Records supplied:
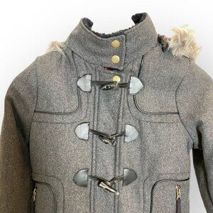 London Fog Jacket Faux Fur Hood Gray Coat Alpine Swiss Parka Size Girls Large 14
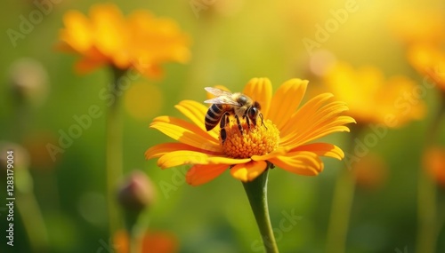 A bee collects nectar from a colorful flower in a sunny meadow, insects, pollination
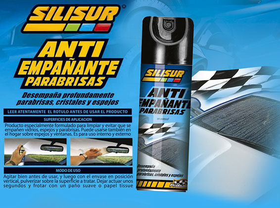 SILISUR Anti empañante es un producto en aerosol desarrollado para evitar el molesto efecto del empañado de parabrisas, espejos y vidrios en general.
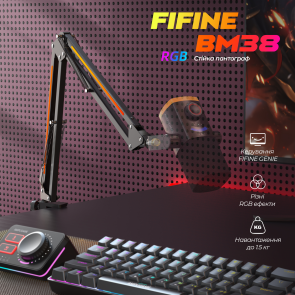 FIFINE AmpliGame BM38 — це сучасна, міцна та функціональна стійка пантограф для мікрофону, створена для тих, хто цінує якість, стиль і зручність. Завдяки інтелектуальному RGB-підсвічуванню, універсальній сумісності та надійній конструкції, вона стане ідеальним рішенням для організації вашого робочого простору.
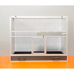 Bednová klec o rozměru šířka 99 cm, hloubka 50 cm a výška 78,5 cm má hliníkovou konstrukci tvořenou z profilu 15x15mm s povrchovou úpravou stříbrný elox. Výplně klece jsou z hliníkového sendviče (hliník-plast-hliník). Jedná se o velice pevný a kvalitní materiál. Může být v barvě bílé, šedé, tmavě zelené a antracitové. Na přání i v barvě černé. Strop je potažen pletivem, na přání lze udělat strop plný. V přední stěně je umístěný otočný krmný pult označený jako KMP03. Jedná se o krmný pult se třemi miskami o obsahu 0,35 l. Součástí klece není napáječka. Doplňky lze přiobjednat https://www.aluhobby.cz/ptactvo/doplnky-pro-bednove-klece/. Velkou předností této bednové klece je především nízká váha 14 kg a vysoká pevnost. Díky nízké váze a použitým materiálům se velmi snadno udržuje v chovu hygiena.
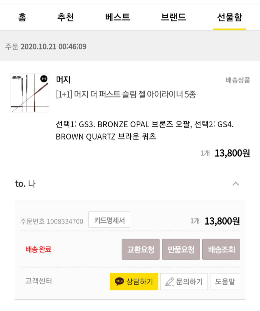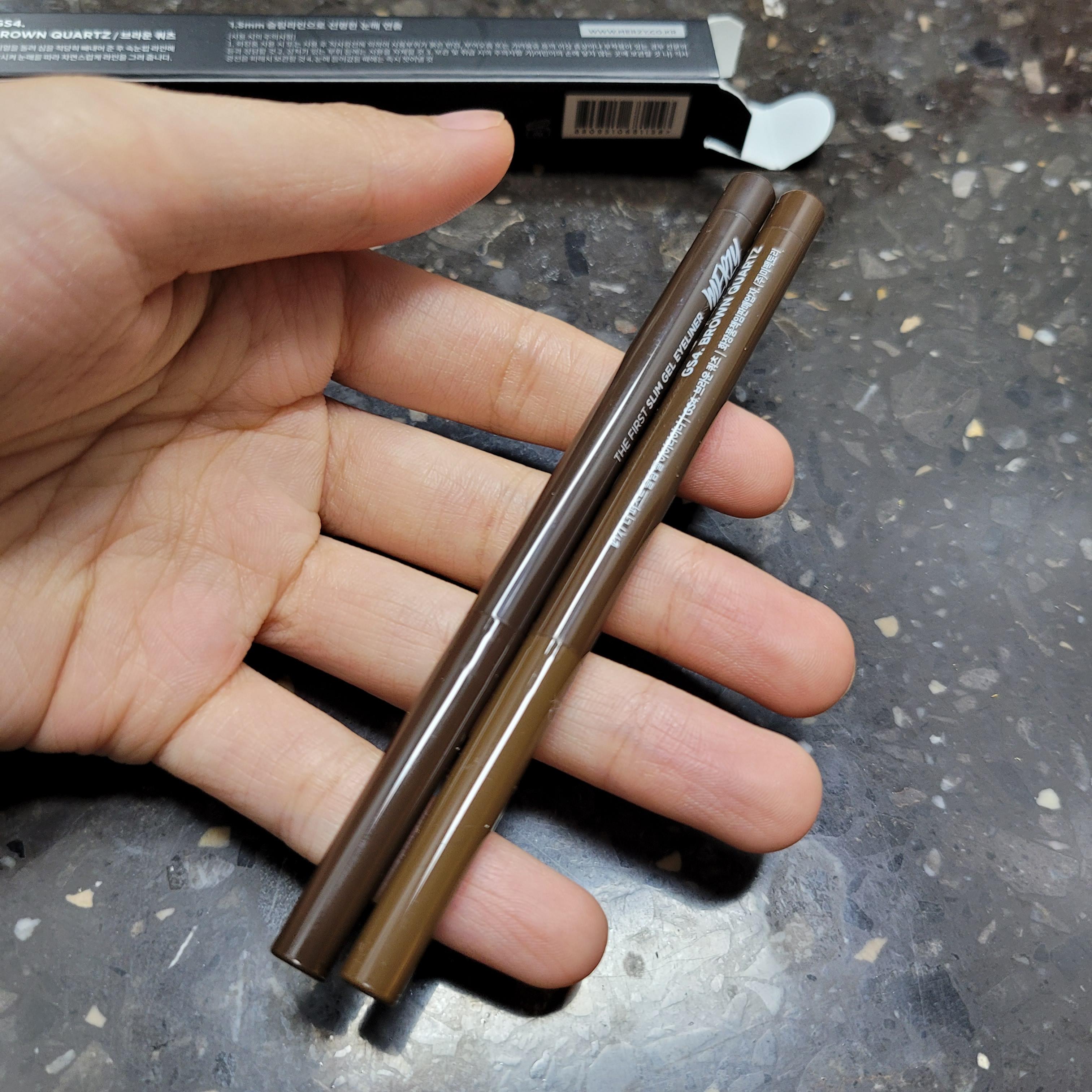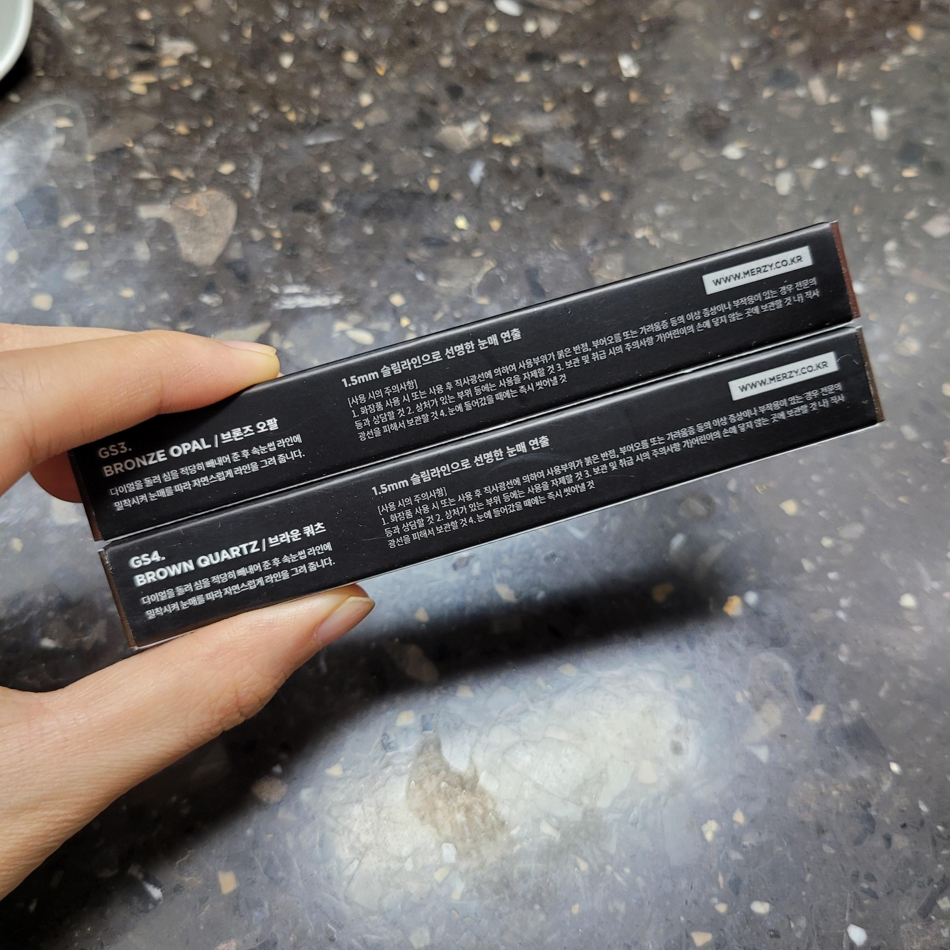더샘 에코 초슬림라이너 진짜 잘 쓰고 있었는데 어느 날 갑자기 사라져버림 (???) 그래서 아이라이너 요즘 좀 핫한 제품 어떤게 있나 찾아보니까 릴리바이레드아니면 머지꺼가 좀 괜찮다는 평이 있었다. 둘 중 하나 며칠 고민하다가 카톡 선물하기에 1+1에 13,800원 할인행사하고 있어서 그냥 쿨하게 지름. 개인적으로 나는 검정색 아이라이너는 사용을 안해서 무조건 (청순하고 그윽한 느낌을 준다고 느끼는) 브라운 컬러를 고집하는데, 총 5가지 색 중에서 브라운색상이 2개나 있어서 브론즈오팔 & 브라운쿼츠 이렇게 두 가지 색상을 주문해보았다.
==
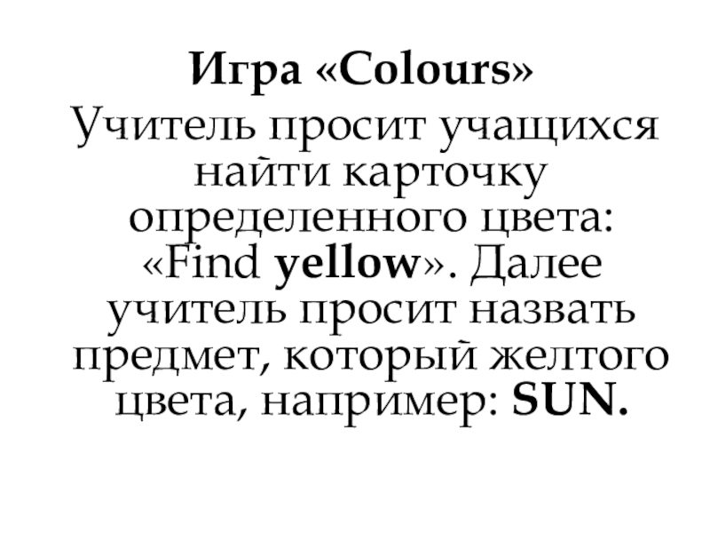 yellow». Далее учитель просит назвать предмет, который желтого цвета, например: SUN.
--
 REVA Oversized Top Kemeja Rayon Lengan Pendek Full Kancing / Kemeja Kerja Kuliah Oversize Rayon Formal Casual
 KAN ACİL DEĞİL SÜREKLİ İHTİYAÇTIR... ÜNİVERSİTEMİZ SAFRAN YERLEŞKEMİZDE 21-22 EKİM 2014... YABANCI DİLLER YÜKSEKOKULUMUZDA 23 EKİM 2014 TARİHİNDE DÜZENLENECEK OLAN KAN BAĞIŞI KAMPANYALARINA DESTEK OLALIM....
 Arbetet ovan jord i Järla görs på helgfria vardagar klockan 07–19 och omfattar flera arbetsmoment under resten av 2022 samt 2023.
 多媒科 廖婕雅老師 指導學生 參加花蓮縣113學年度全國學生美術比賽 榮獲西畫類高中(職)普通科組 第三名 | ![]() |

What is expected:
Using the records above, repeat exactly the run of lines that starts with the line with "London Fog Jacket" and goes on through the line with "FIFINE AmpliGame BM38"; omit each picture.

Completed task:
 London Fog Jacket Faux Fur Hood Gray Coat Alpine Swiss Parka Size Girls Large 14
 A bee collects nectar from a colorful flower in a sunny meadow, insects, pollination
 SILISUR Anti empañante es un producto en aerosol desarrollado para evitar el molesto efecto del empañado de parabrisas, espejos y vidrios en general.
 FIFINE AmpliGame BM38 — це сучасна, міцна та функціональна стійка пантограф для мікрофону, створена для тих, хто цінує якість, стиль і зручність. Завдяки інтелектуальному RGB-підсвічуванню, універсальній сумісності та надійній конструкції, вона стане ідеальним рішенням для організації вашого робочого простору.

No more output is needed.